I’m running sonarr on a synology for a while now, and it does have its quirks.
Permissions on synology are “weird” in my opinion. When you create a user in the synology GUI, it will be added to the group “users” automatically, and there’s no way to get them out of there (using the syno GUI, that is).
When you install a package like sonarr/drone, it creates its own user (still called nzbdrone for now). This user is not added to the group “users”, and you start running into all kinds of permission issues as you describe above, while you’re thinking “hey, I gave ‘users’ full read/write access to the folder”.
I fixed this myself by creating a group called “downloaders” in the synology GUI, granted that group read/write to all relevant folders using the syno GUI (e.g. I have a folder “downloads” with subfolders complete, incomplete, … and a folder “Media” with subfolders Movies, Series, Music, …), and then, the most important one:
Log in to your synology over ssh (e.g. use PuTTY or something on windows, if you’re using a linux flavor you’re laughing in my face over the fact that it’s almost 2015 and Windows still can’t do ssh out of the box) and edit your /etc/group file. On the relevant line, add all users for the download tools you have. For example I’m running couchpotato, nzbdrone/sonarr, sab and transmission:
downloaders:x:65543:couchpotatoserver-custom,nzbdrone,sabnzbd,transmission
This is not for the faint of heart, and I really really recommend that you make a backup of the group file, and I’m not responsible for damage etc etc.
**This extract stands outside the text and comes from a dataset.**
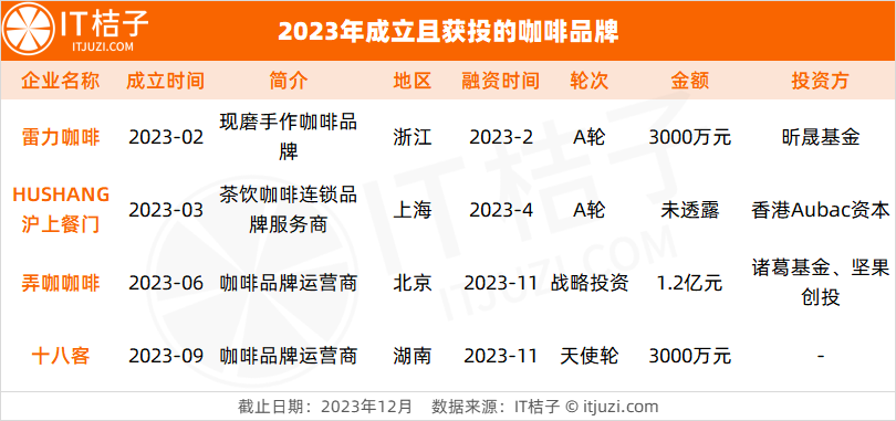 即便是在 2023 年新成立的咖啡品牌,也有 4 家企业获得资本投资。且成立于 2023 年 6 月的弄咖咖啡,首轮融资便收获来自诸葛基金、坚果创投的 1.2 亿元融资。
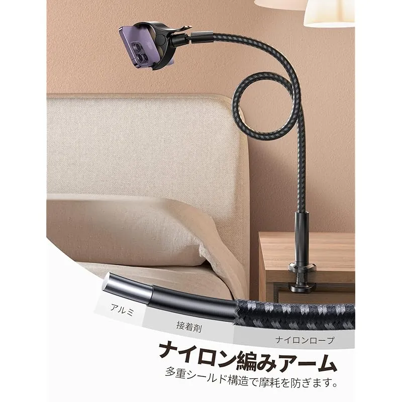【ナイロン編み製・オリジナル】Lamicall 360°寝ながらスマホアームスタンド ベット用スマホホルダー : 上下左右 360度回転 調整可能 厚いケースに対応 ナイロン 編みアーム フレキシブル 寝て見れる アームスタンド スマートフォン 横 縦 ごろ寝 寝ながら ベッド ベッドにつける 携帯 ケータイ すまほ 固定 ベッドサイド パイプ 自由自在 丈夫 ハンズフリー アイホン アイフォーン アイフォン アンドロイド, iPhone 17 Air 16e 16 15 14 plus pro promax 13 mini iPhone 12 mini Pro Max 11pro 11 XS XR X 8 plus 7 7plus 6s 6 6plus 5 5s se3 第三世代, Xperia 1 5 XZ2 XZ3 X Z4 Z5,Galaxy S24 S25 Ultra,Note 7 8 9 10+ 20,Z Fold 4 5 6,S5 edge S6 edge S7 edge,A8S A9S A70,W25 W26 Flip,huawei Mate Nova P70 Pro,Xiaomi android プロ マックス プラス ミニ に対応 黒 ブラック

I think there’s a couple of other synology guys/gals here, maybe they’re doing something different.
I know at least one person has just created a separate user via the synology GUI, and then changed all relevant scripts for download tools to “run as” that user. e.g. start/stop script for couchpotato, drone, sab, …, update scripts, install scripts, whatever. You’ll also need to change /etc/passwd for this approach if I’m not mistaken.